WHEREAS, the Shareholders own a total of 151,229 shares of InterCept common
stock;
WHEREAS, InterCept will file a registration statement on Form S-3 to
register for resale the shares of InterCept common stock owned by certain of its
other shareholders (the "Resale S-3");
WHEREAS, the Shareholders desire to have the shares of common stock owned
by them included on such registration statement;
NOW, THEREFORE, for and in consideration of the premises, covenants and
agreements set forth herein, the parties hereto, intending to be legally bound,
hereby agree as follows:
1. InterCept agrees to use all commercially reasonable efforts to register
the shares of common stock held by the Shareholders pursuant to the Resale S-3.

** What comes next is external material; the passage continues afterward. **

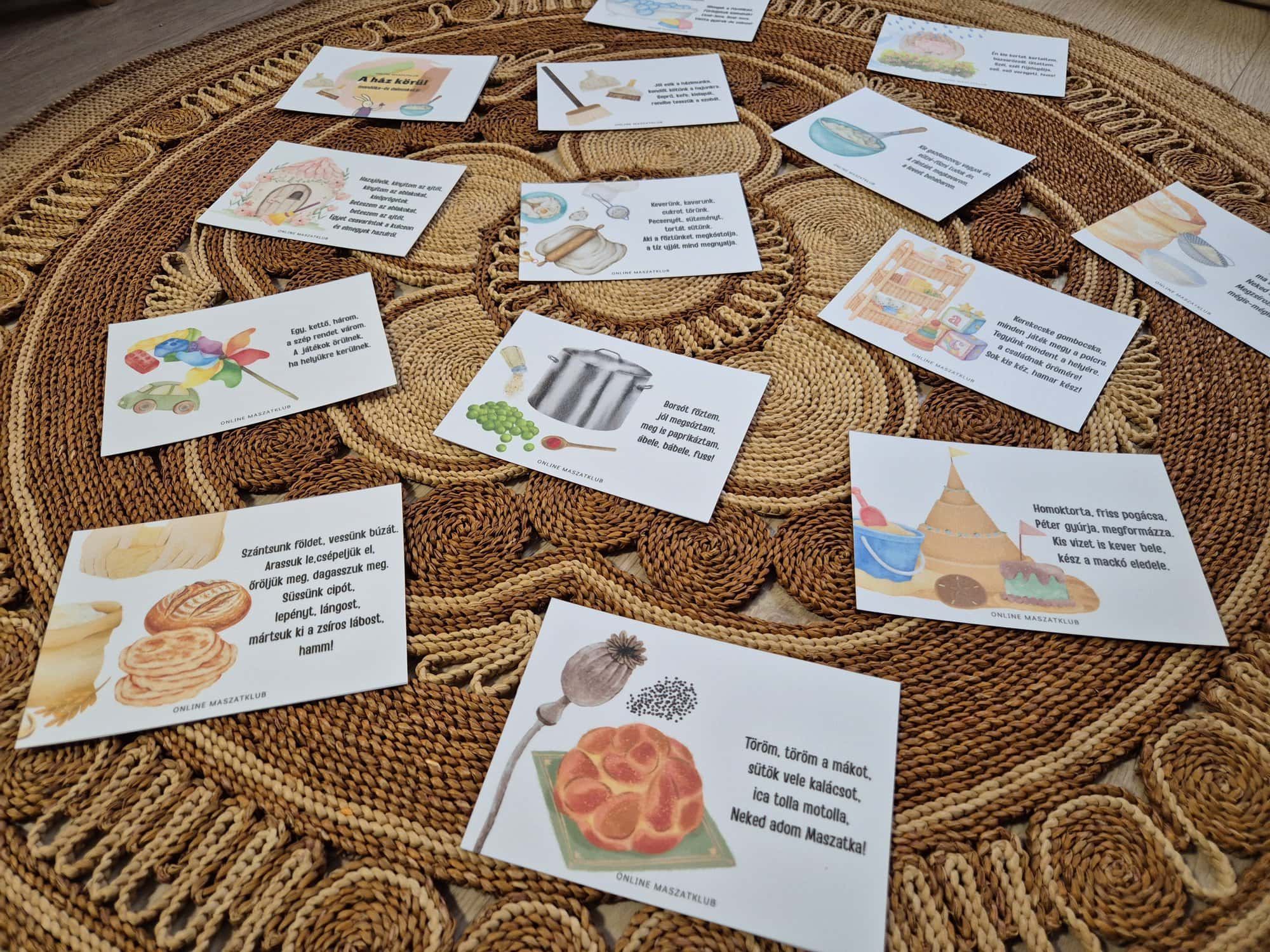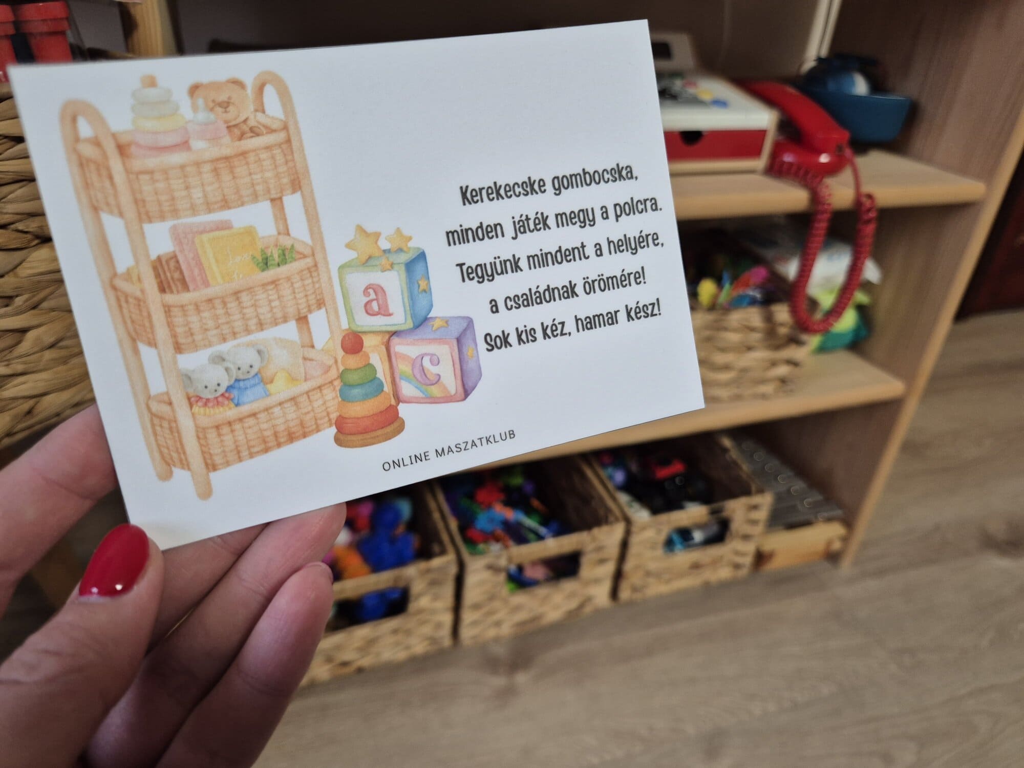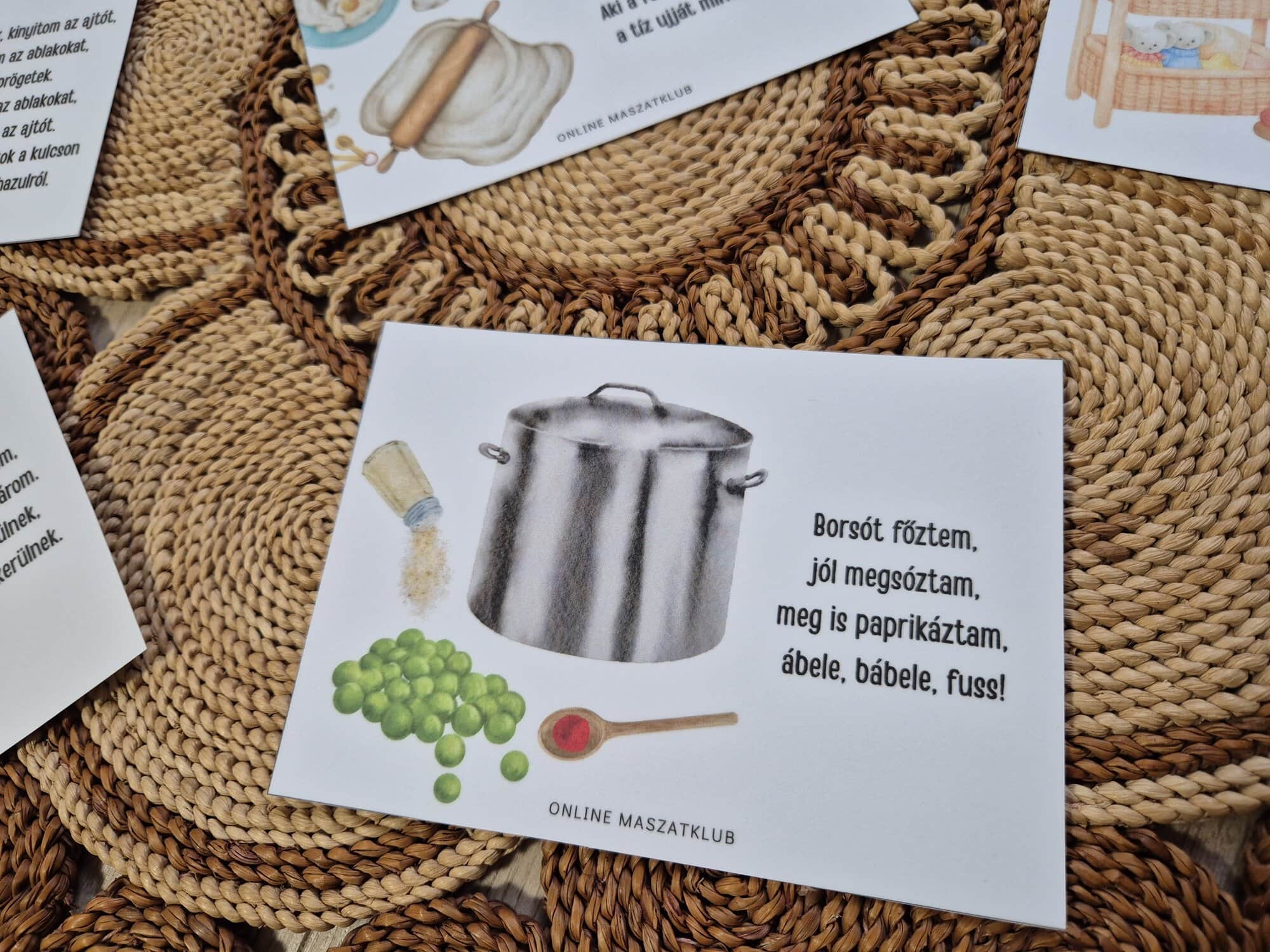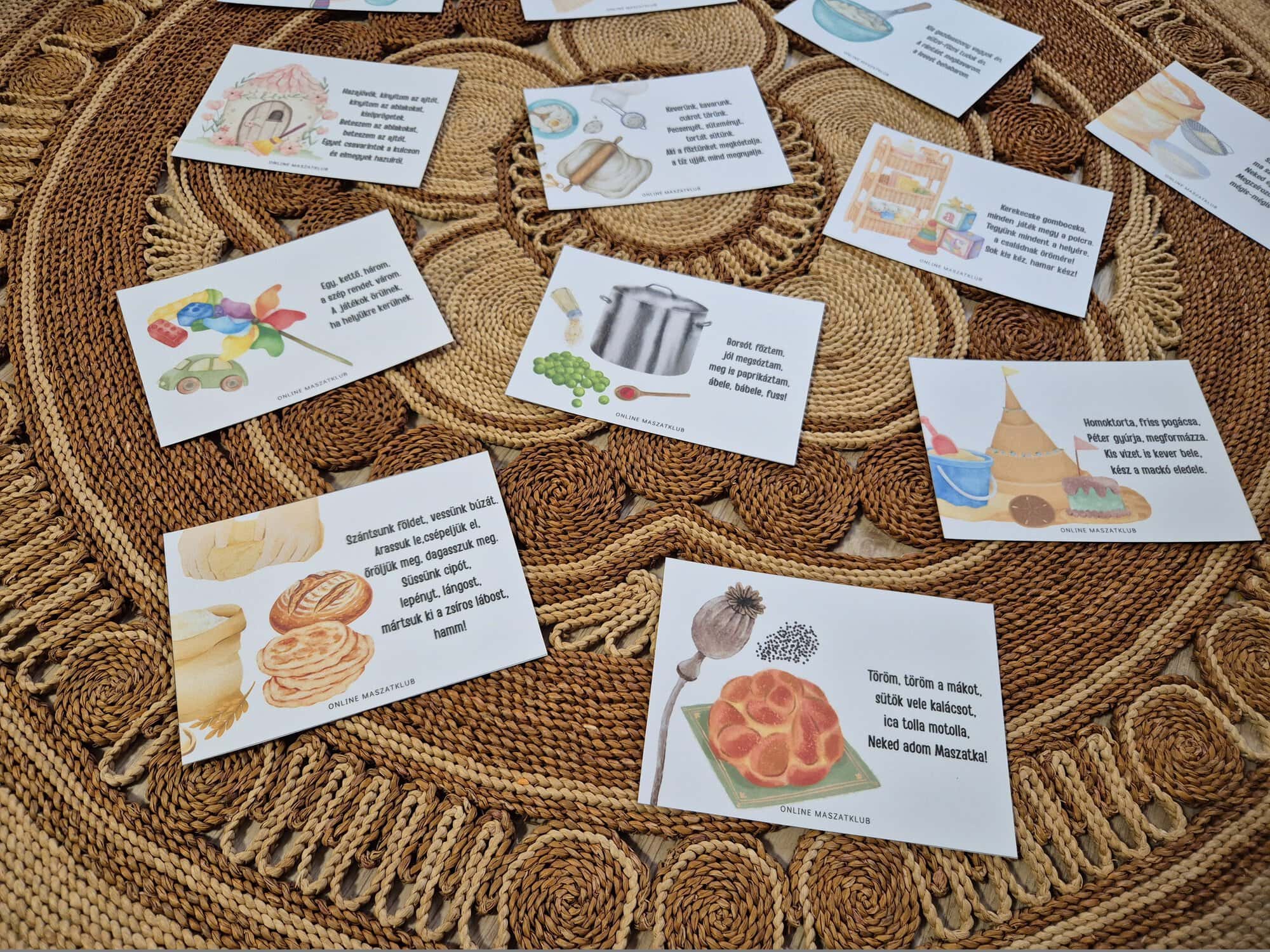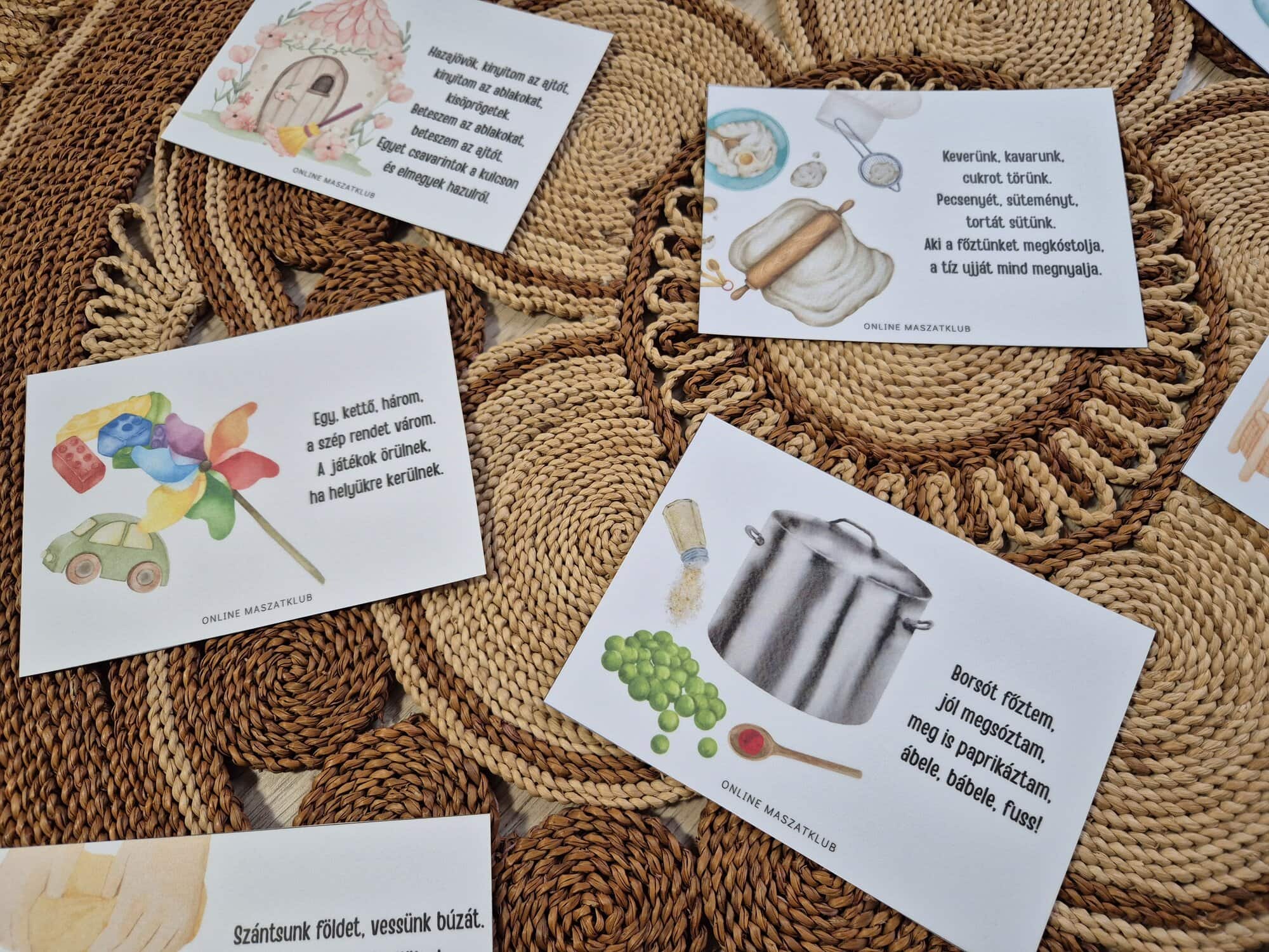 Maszattipp: A mondókakártyákat kifüggeszthetitek a fürdőszobába vagy a gyerekszobába is, így mindig előttetek lesz, ha szükség volna pl. egy kis motivációra az elpakoláshoz vagy a tisztálkodáshoz.

InterCept may, without the consent of the Shareholders and for any reason,
withdraw such Resale S-3 prior to its becoming effective or otherwise terminate
the offering of securities contemplated thereby. In the event that InterCept
withdraws or terminates the registration in order to file a registration
statement for an offering of shares by InterCept for its own account, the
Shareholders shall have piggyback registration rights pursuant to that certain
Registration Rights Agreement dated March 9, 1999 by and between InterCept and
the Shareholders (the "March Agreement").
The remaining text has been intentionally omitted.